I strongly value sdists as a standardised way of publishing project source through the same channel as binaries - so we don’t encourage “binary only” projects, or even “binary available on PyPI, go here for the source”. As an example, the demise of Google code hosting resulted in source for some projects getting lost. Python projects that publish sdists are much less exposed to this risk.
I also value sdists as a means of making projects available for environments the authors don’t provide wheels for. Shipping artifacts that minimise the build complexity as much as possible makes the sdist more widely usable for this scenario.

I’ve yet to be convinced that conflating these two usages causes any significant conflict, although I think it’s worth being aware of the tension between the objectives.

In particular, I don’t think that the tension causes a problem in including static metadata in a sdist. The static metadata is firmly in the “partial build artifact” area, and as such, we should be:

Encouraging projects as much as possible to encode the underlying metadata in a way that can be built in the “platform independent” stage of building (so, for example, use markers rather than calculating dependencies at build time based on the target environment).
Defining sdist metadata as that pre-computed platform independent portion of the final wheel metadata.

Replying to myself from above, I’m aware that what I’m saying now is a weaker statement than I made previously. I guess I’m arguing that “platform independent distribution format” is a little more important than “source archive”, but I don’t see why both can’t be achieved. In the case of Cython, for example, why not just ship both the cython source and the generated C in the sdist?

ncoghlan · July 12, 2020, 3:09am

Right, for things like Cython, the sdists should always include the input files no matter what, so the question is then whether to declare a build dependency on Cython or to include pre-generated Cython output in the sdist.
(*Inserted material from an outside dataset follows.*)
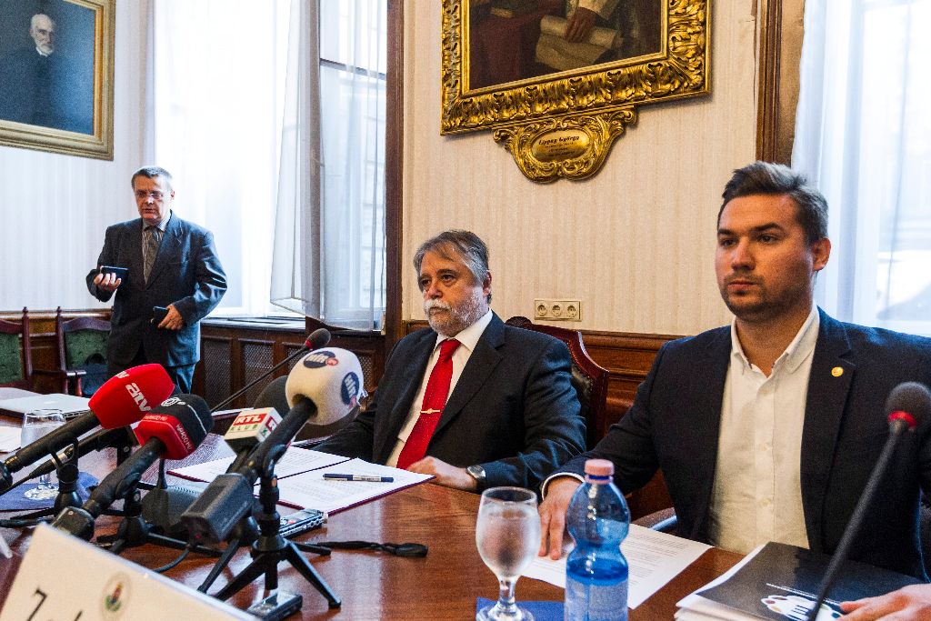 Mezey Barna, az Eötvös Loránd Tudományegyetem (ELTE) rektora (k), valamint Fábri György rektorhelyettes (b) és Zaránd Péter, az ELTE Egyetemi Hallgatói Önkormányzatának elnöke (j) az egyetemi gólyatáborokkal kapcsolatban tartott sajtótájékoztatón az ELTE dékáni tanácstermében 2014. szeptember 4-én.

Historically, the lack of automatically created build environments meant that the latter option was almost always more convenient for end users, at the cost of potential future compatibility issues with Python C API changes that require regeneration of Cython output with a newer version of Cython.
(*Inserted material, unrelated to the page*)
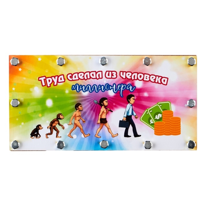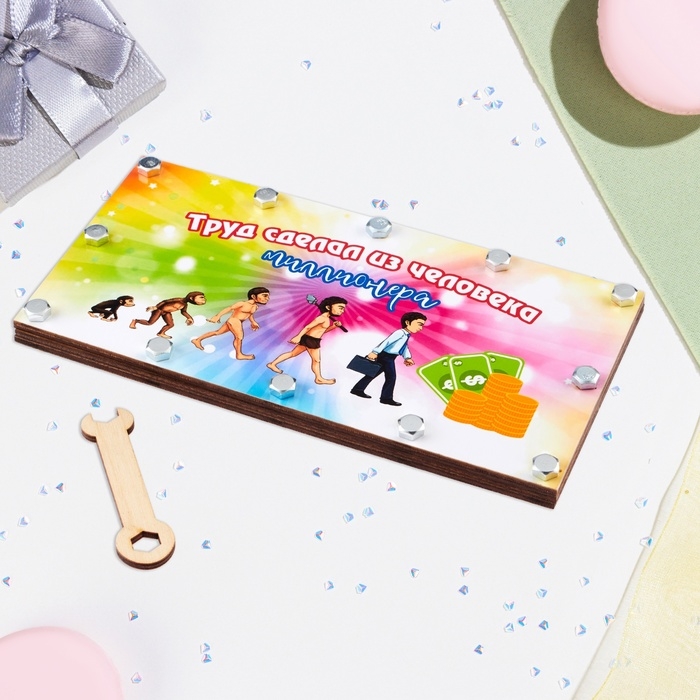 Конверт деревянный с гайками "Труд сделал из человека миллионера!"

Now, though, there’s the middle ground of using pyproject.toml to declare a build dependency on the cython PyPI package, which should give the best of both worlds: future builds can benefit from Cython level performance improvements and compatibility updates without needing to update the project itself, but end users won’t need to pre install Cython globally either.

pf_moore · July 12, 2020, 8:36am

Aren’t you contradicting yourself here? Cython-generated code definitely constitutes one of the results of a platform independent part of the build pipeline being executed… (and see this post from cython’s author for further arguments in favour of shipping cython-generated files).

Regardless, we’ve just circled back to the point I made earlier, that it may depend on what you consider “necessary to build” - and that’s not something we should try to mandate.

ncoghlan · July 12, 2020, 5:40pm

There are differences between “What’s acceptable to include in an sdist” and “What’s desirable to include in an sdist”, and the big downside of including the output of a code generator like Cython is that the only way to update the default build output is to update the sdist.

There are projects on PyPI that can’t be installed on 3.7 or later due to this,as their latest sdist release was built on Python 3.6 with a version of Cython that generated code that accessed private or deprecated C APIs that have since been removed.

The right trade-off to make will vary by project, though, so at the ecosystem level we want to continue to allow both approaches.

brettcannon · July 14, 2020, 12:51am

And this is what sdists are to me: whatever is required to build a wheel.

ofek · July 14, 2020, 1:41am

I share this conception.

As an example, for coincurve I ship the (often updated) pinned version of a C library so build systems don’t require network access.

steve.dower · July 15, 2020, 7:41am

Add to this “and meet the distribution requirements of any included third party code” and I’m happy to support it.